Comment dépolluer Paris de la publicité

RAP n’étant pas invitée à participer à l’élaboration du RLP de Paris, nous nous sommes permis d’envoyer aux élus membres nos revendications sur l’affichage publicitaire.


Madame, Monsieur,

La France est réputée pour être la mauvaise élève de l’Europe, voire du monde, en matière de pollution visuelle par l’affichage. L’affichage publicitaire représente en France 12,5 % des dépenses des publicitaires, mettant notre pays au premier rang mondial pour ce média (4 % aux USA, 3,4 % en Allemagne).

Or, il est important de souligner deux phénomènes.
D’une part, la publicité prend une part croissante dans nos sociétés suscitant des réactions de plus en plus négatives de la part de nos concitoyens. Selon un sondage Ipsos datant du 13 novembre 2007, 79% des français jugent la publicité envahissante et 58% agressive.
D’autre part, de plus en plus de villes dans le monde bannissent les panneaux publicitaires de leurs villes pour des raisons esthétiques et d’amélioration du cadre de vie. Des villes ou des états comme Sao Paulo, Le Vermont, Le Maine, Hawaï, l’Alaska ou Bergen interdisent totalement l’affichage publicitaire.

Notre association, une des pionnières de l’antipublicité, a pour vocation dans ses statuts, « de lutter contre les effets négatifs, directs et indirects, des activités publicitaires sur l’environnement et les citoyens. » En particulier, nous avons inscrits, dans nos actions et réflexions, la lutte contre la « pollution paysagère et du cadre de vie ».

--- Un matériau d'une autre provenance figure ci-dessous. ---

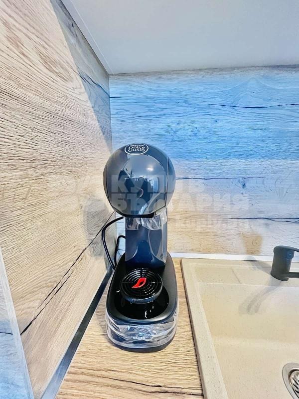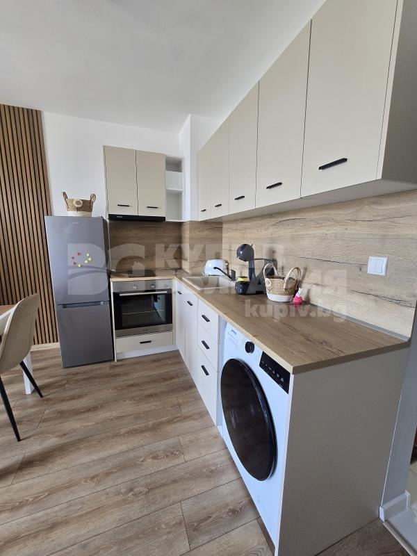 Напълно оборудвана кухня с чисто нови уреди (фурна с котлони, хладилник, пералня+сушилня, кафемашина) всички са в гаранция и неизползвани.

Ainsi, nous avons, depuis une dizaine d’années, dénoncé les abus de l’affichage publicitaire, tout en participant activement à la réflexion, avec d’autres associations, sur les problèmes d’application et les limites de la loi sur l’affichage de 1979. A ce titre nous avons activement participé aux premières discussions sur le RLP de Paris ainsi qu’à l’atelier du Conseil National du Paysage en 2009 et aux discussions autour de la loi Grenelle de l’environnement.

A l’occasion de la ré-ouverture des négociations du Règlement Local de Publicité de Paris, vous trouverez ci-dessous nos revendications prioritaires, qui constituent à nos yeux les mesures importantes et ambitieuses pour un Paris dépollué de la publicité.

1- la limitation de la taille des panneaux à 2 m² et des faces publicitaires à 50×70 cm (soit la division en 4 des panneaux de 2m²).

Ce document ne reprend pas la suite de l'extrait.